● **WHAT THE TASK REQUIRES**:
Starting at the first line of the records and stopping at the line that contains "フィッシング対策協議会は、2", transcribe every line exactly and leave out the pictures.

● **DATA FOR THIS TASK**:
☆ ☆ ☆ ☆ ☆ ☆ ☆

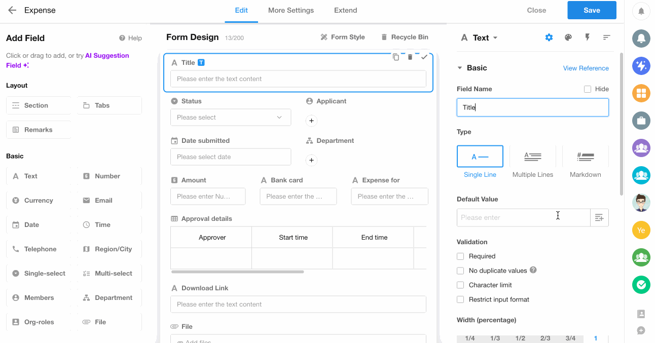 - The record title can be configured as a default combination of field values, such as "Reimbursement Application Submitted by XXX". Users can click to modify this if needed.
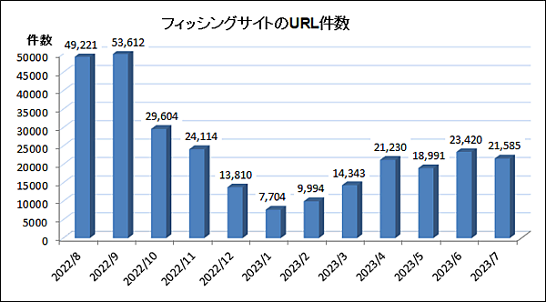 フィッシング対策協議会は、2023年7月に寄せられたフィッシング報告件数(海外含む)の集計結果を発表した。同協議会では、事業者などに寄せられた問い合わせ情報をリアルタイムに集約し、共有データベース化している。
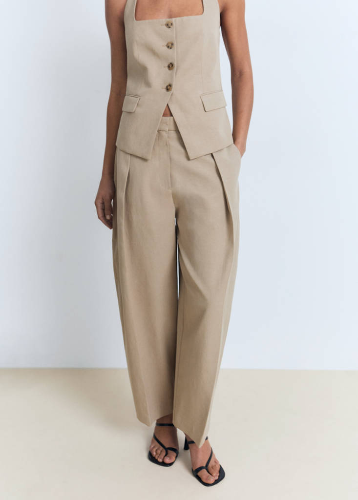 Cotton and linen blend fabric. Suit style. Balloon Design. Mid-rise. Dart detail. Two side pockets. Two welt pockets at the back. Concealed button, hook and zip fastening. 100% cotton lining. Total look. The red colour is an online exclusive
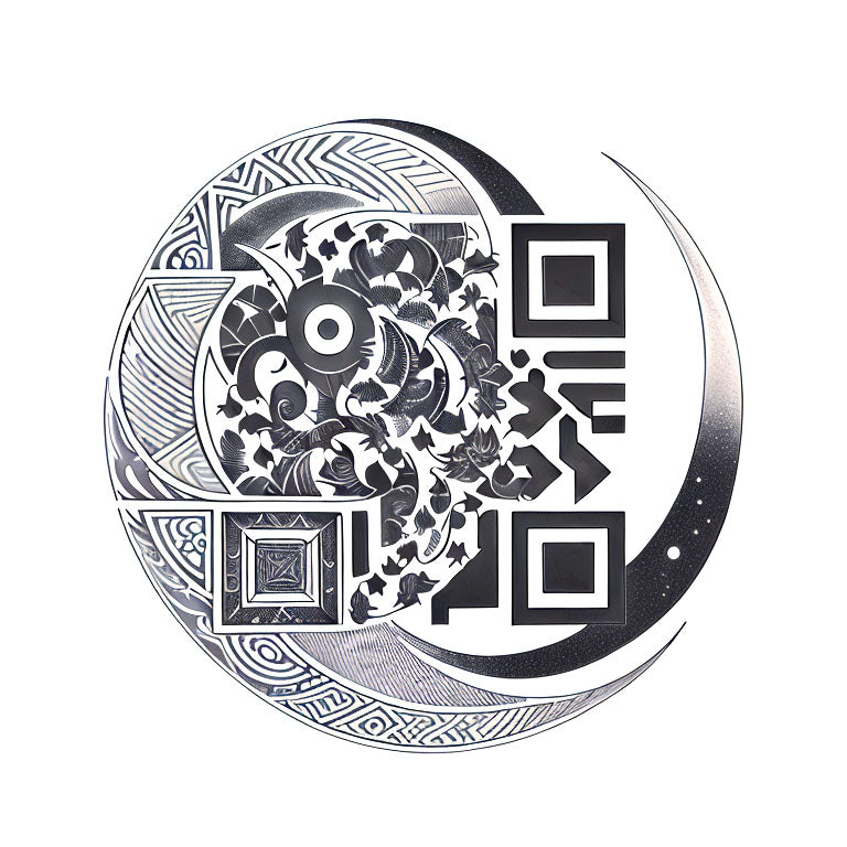 An abstract composition featuring a crescent moon and geometric patterns creates a captivating design full of balance and mystery. The flowing lines and shapes evoke a sense of serenity and otherworldliness. The unique QR code is seamlessly incorporated into the design, adding a modern digital element to this cosmic, artistic tattoo. This crafted QR code tattoo is a perfect representation of the intersection between the abstract and the digital.
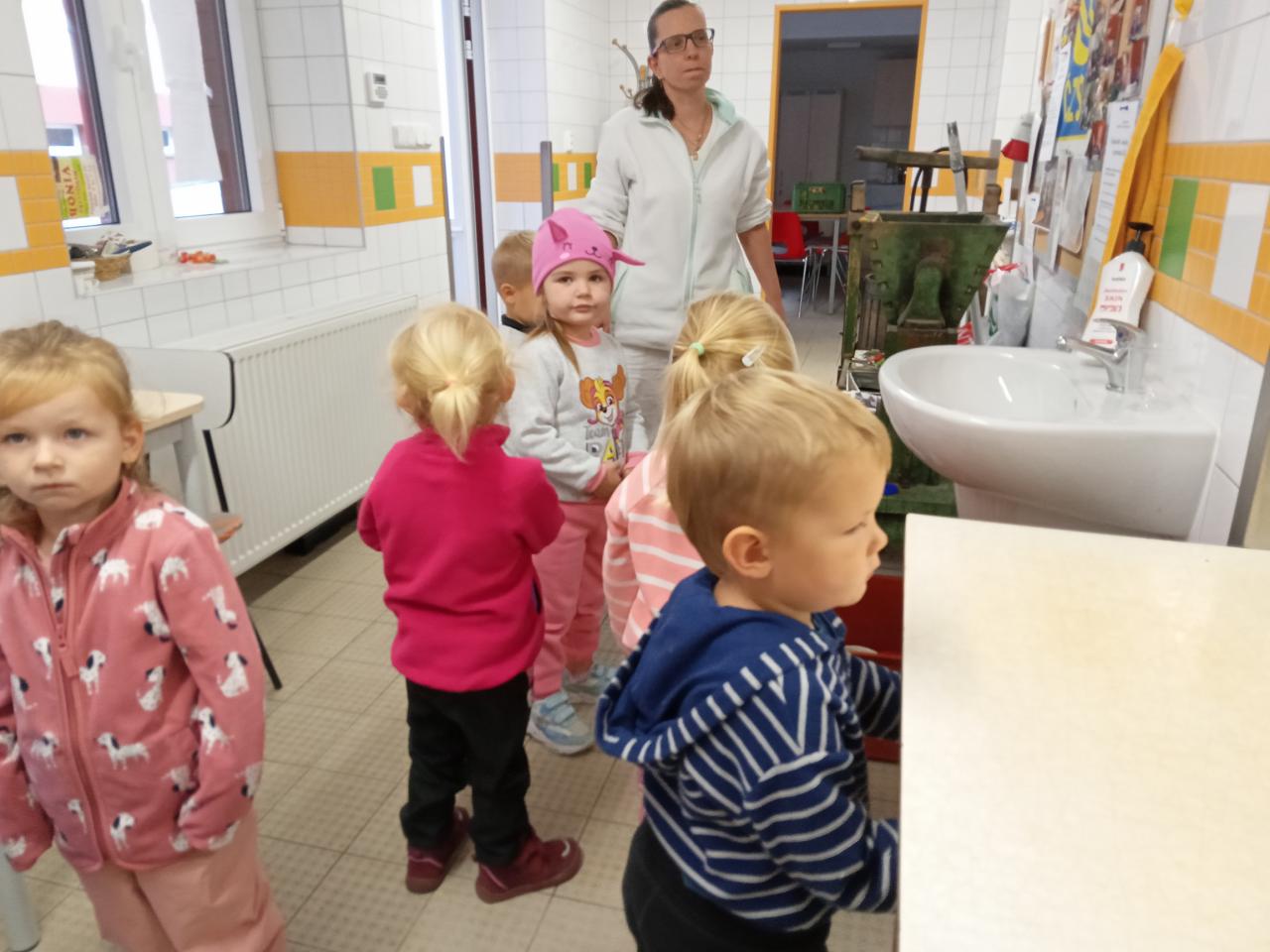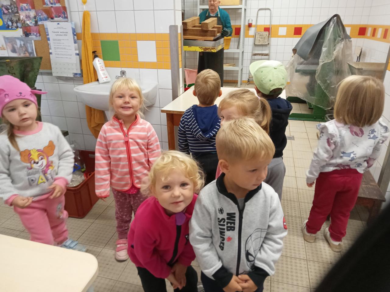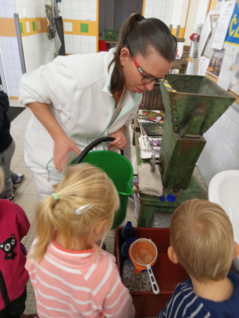 Broučci s "náhradní" paní učitelkou Simčou od včeliček a za vydatné pomoci paní uklízečky, tety Petry, prozkoumali dýšinskou moštárnu a seznámili se s celým procesem s výsledným ochutnáváním sladkého moštu.
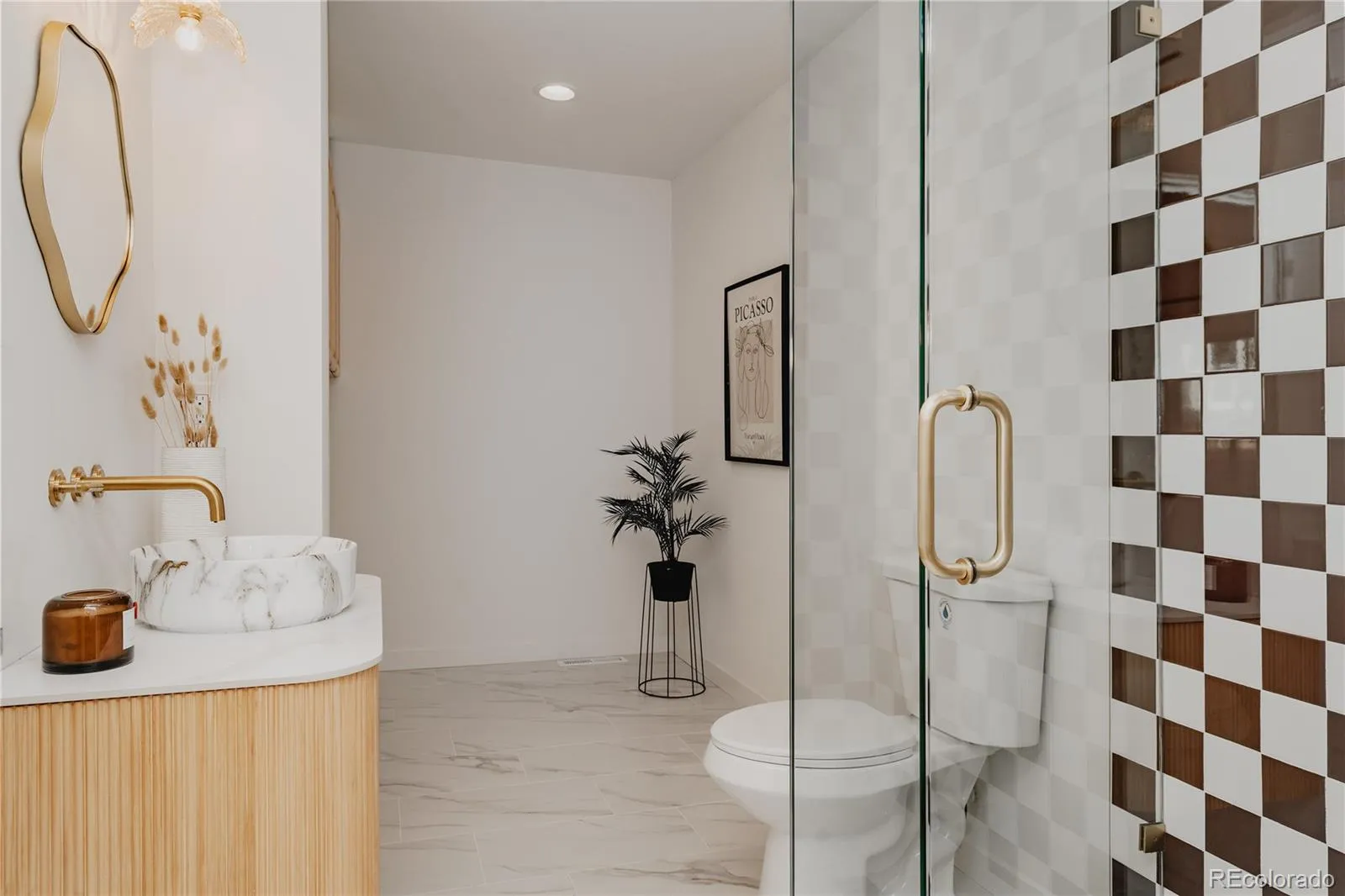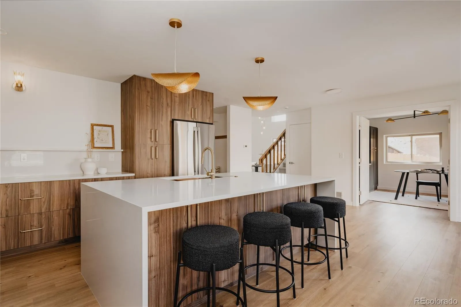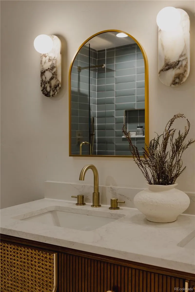 The kitchen is the showpiece. An 8-foot waterfall island commands attention, paired with a microwave/oven combo, gas stovetop, and a striking 36-inch gold sink that adds a bold, custom touch. It’s the kind of space that makes entertaining effortless and everyday cooking feel elevated.

☆ ☆ ☆ ☆ ☆ ☆ ☆

● **WORKED SOLUTION**:
 - The record title can be configured as a default combination of field values, such as "Reimbursement Application Submitted by XXX". Users can click to modify this if needed.
 フィッシング対策協議会は、2023年7月に寄せられたフィッシング報告件数(海外含む)の集計結果を発表した。同協議会では、事業者などに寄せられた問い合わせ情報をリアルタイムに集約し、共有データベース化している。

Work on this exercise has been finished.